Natural Language Processing

Natural Language Processing

Research domains: Document Similarity, Recommendation systems, Fraud detection, Sentiment Analysis, Authorship attribution.

With increase in textual content  in every domain, SORAL takes the advantage of using several top natural language processing techniques to create impactful applications.

Research Publications :

  • “Detect review manipulation by leveraging reviewer historical stylometrics in Amazon, Yelp, Facebook and Google reviews”- 2020 The 6th International Conference on E-Business and Applications (ICEBA 2020) [ January 1, 2020 ]
    Publication URL: https://dl.acm.org/doi/abs/10.1145/3387263.3387272.

    Abstract: Consumers now check reviews and recommendations before consuming any services or products. But traders try to shape reviews and ratings of their merchandise to gain more consumers. Seldom they attempt to manage their competitor’s review and recommendation. These manipulations are hard to detect by standard lookup from an everyday consumer, but by thoroughly examining, customers can identify these manipulations. In this paper, we try to mimic how a specialist will look to detect review manipulation and came up with algorithms that are compatible with significant and well known online services. We provide a historical stylometry based methodology to detect review manipulations and supported that with results from Amazon, Yelp, Google, and Facebook.

  • “Stylometry as a Reliable Method for Fallback Authentication”- The 17th International Conference on Electrical Engineering/Electronics, Computer, Telecommunications and Information Technology (ECTI-CON 2020) [ April 24, 2020 ]

    Publication URL: https://ieeexplore.ieee.org/document/9158216.

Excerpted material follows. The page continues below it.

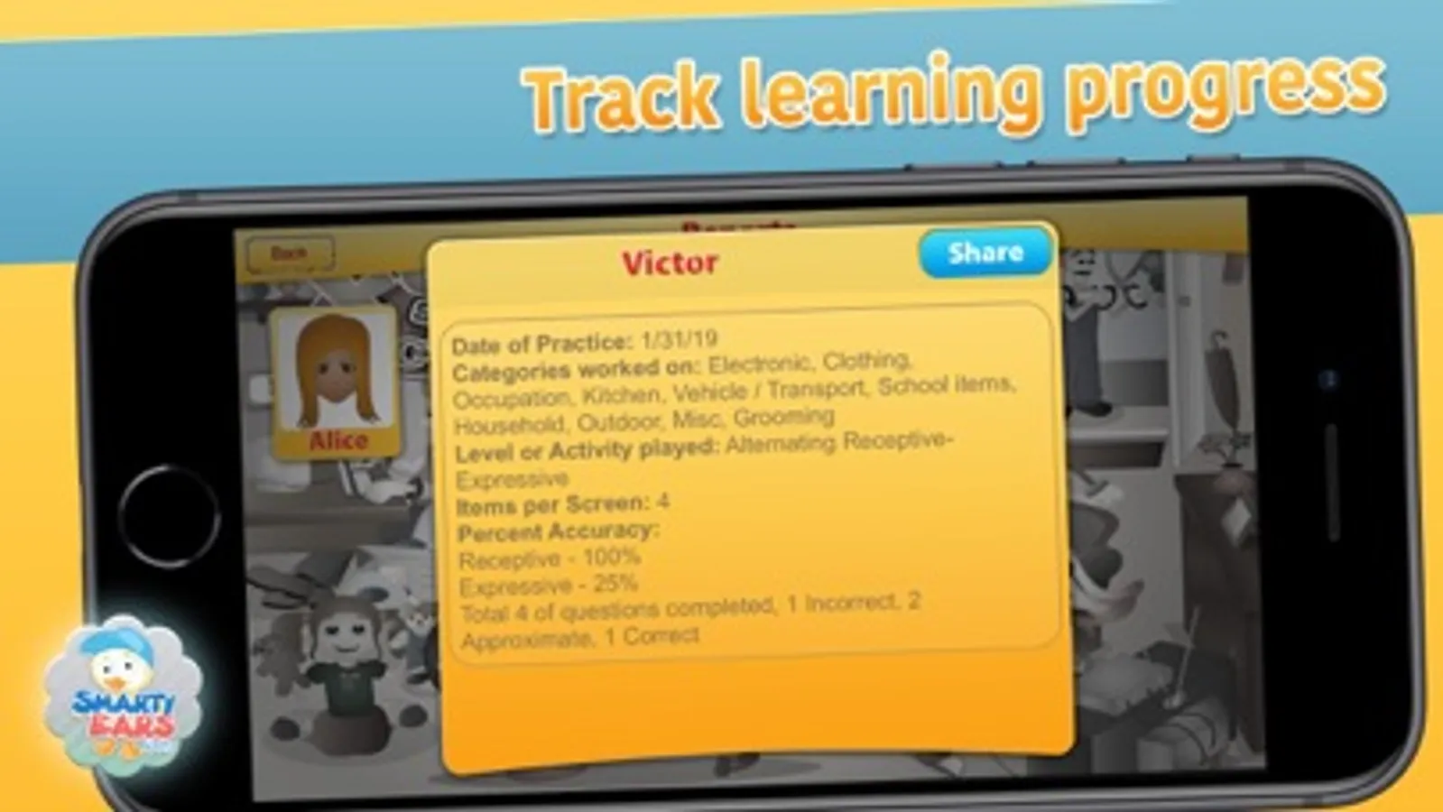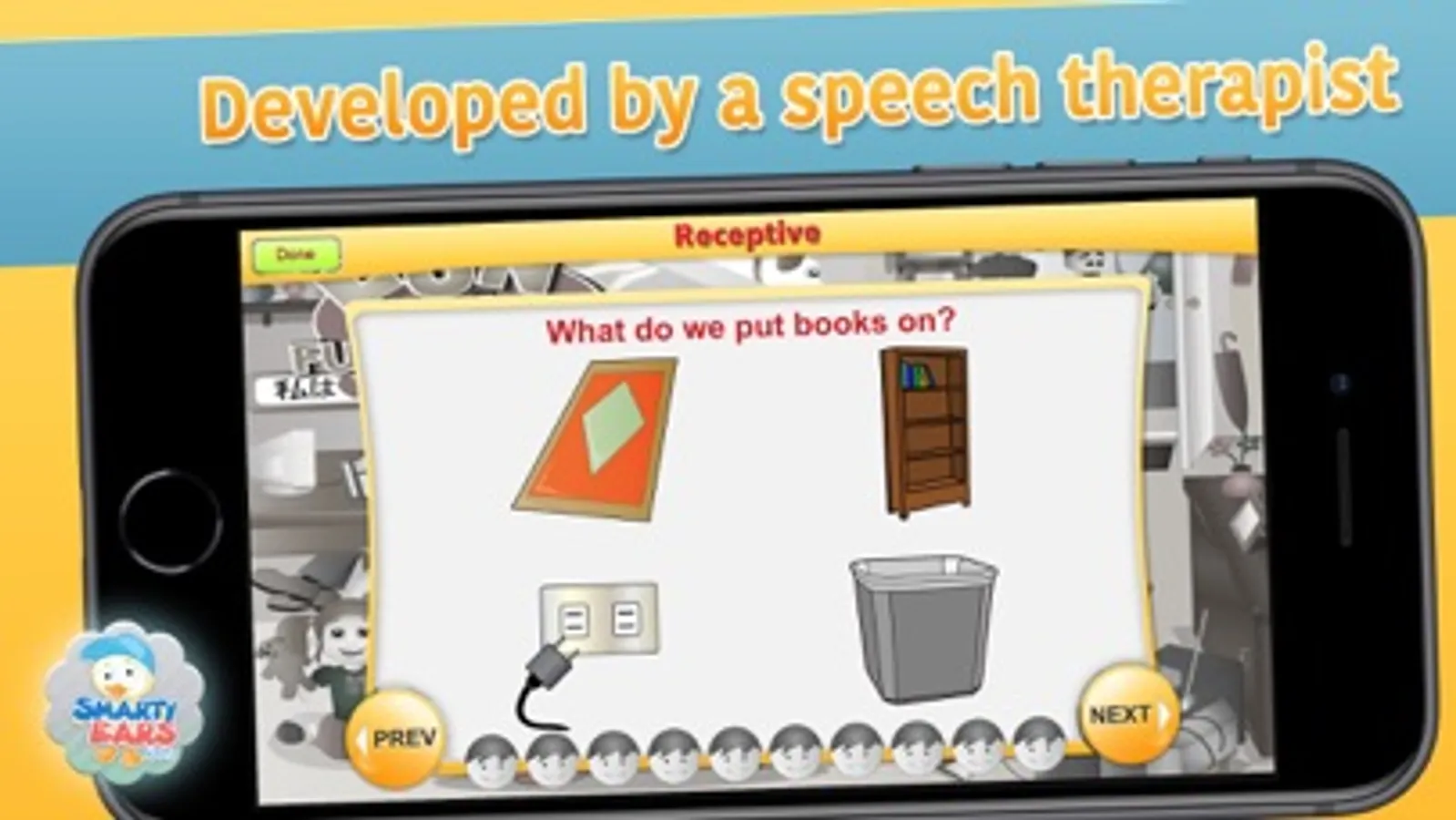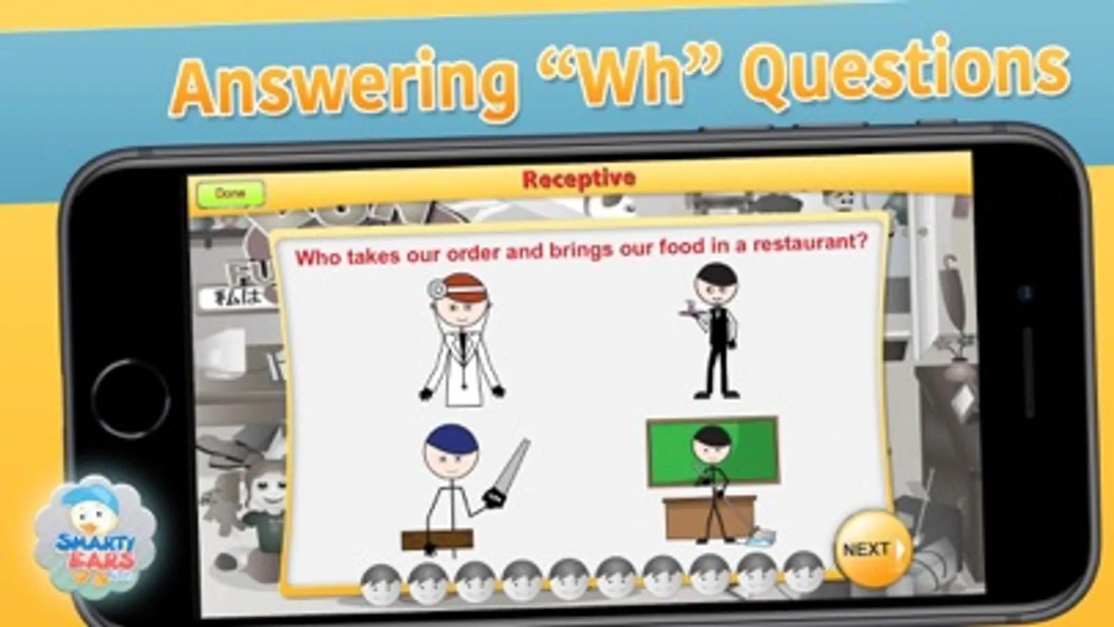 -Expressive Activity in which students verbally describe the function of items (e.g. “What do you do with a broom?), so that SLPs, parents or others can score their response as “Missed it!” “Almost” or “Got it!” within the application.

    Abstract: Over the decades with advancement in artificial intelligent systems, stylometry has proven to be crucial in authorship attribution. It is an evident that by natural development, writing styles between individuals are unique and cannot be fabricated. Stylometric analysis research has been done for author identification and there is significant progress to recognize an author based on their written texts. This paper aims to evaluate the efficiency of using stylometry as a fall back authentication method. We proposed to detect differences between writings on the same topic provided by a set of users and tested whether these differences are enough to use for an authentication system. We observed 74% accuracy in detecting the actual authors and concluded that with additional features the accuracy can be pushed to above 90%. Moreover, we deviced a threshold for authentication of a particular user. We observed that the combination of textual features can support authenticity of the user. We also analyzed the impact of some data cleaning systems like removing stop words and punctuation marks, and how they affected the overall detection outcome.

  • “Can NLP techniques be utilized as a reliable tool for medical science?” -Building a NLP Framework to Classify Medical Reports
    – IEEE 11th Annual Information Technology, Electronics and Mobile Communication Conference (IEEE IEMCON 2020) [ Vancouver, September 2020 ]

    Publication URL: https://ieeexplore.ieee.org/document/9284834.

    Abstract:Artificial intelligence persists on being a right-hand tool for many branches of biology. From preliminary advices and treatments, such as understanding if symptoms related to fever or cold, to critical detection of cancerous cell or classification of X-rays, traditional machine learning and deep learning techniques achieved remarkable feats. However, total dependency on machine-based prediction is yet a far fetched concept. In this paper, we provide a framework utilizing several Natural Language Processing (NLP) algorithms to construct a comparative analysis. We create an ensemble of top-performing algorithms to accomplish classification task on medical reports. We compare both the traditional machine learning and deep learning techniques and evaluate their probabilities of being reliable on analyzing medical diagnosis. We concluded that an ensemble approach can provide reliable outcomes with accuracy over 92% and that the current state of the art is unequipped to provide the result with the standard needed for health sectors but an ensemble of these techniques can be a pathway for future research direction.

  • ADCR: An Adaptive Tool to select “Appropriate Developer for Code Review” based on Code Context – The 11th IEEE Annual Ubiquitous Computing, Electronics & Mobile Communication Conference (UEMCON) [ New York, USA , October 2020 ]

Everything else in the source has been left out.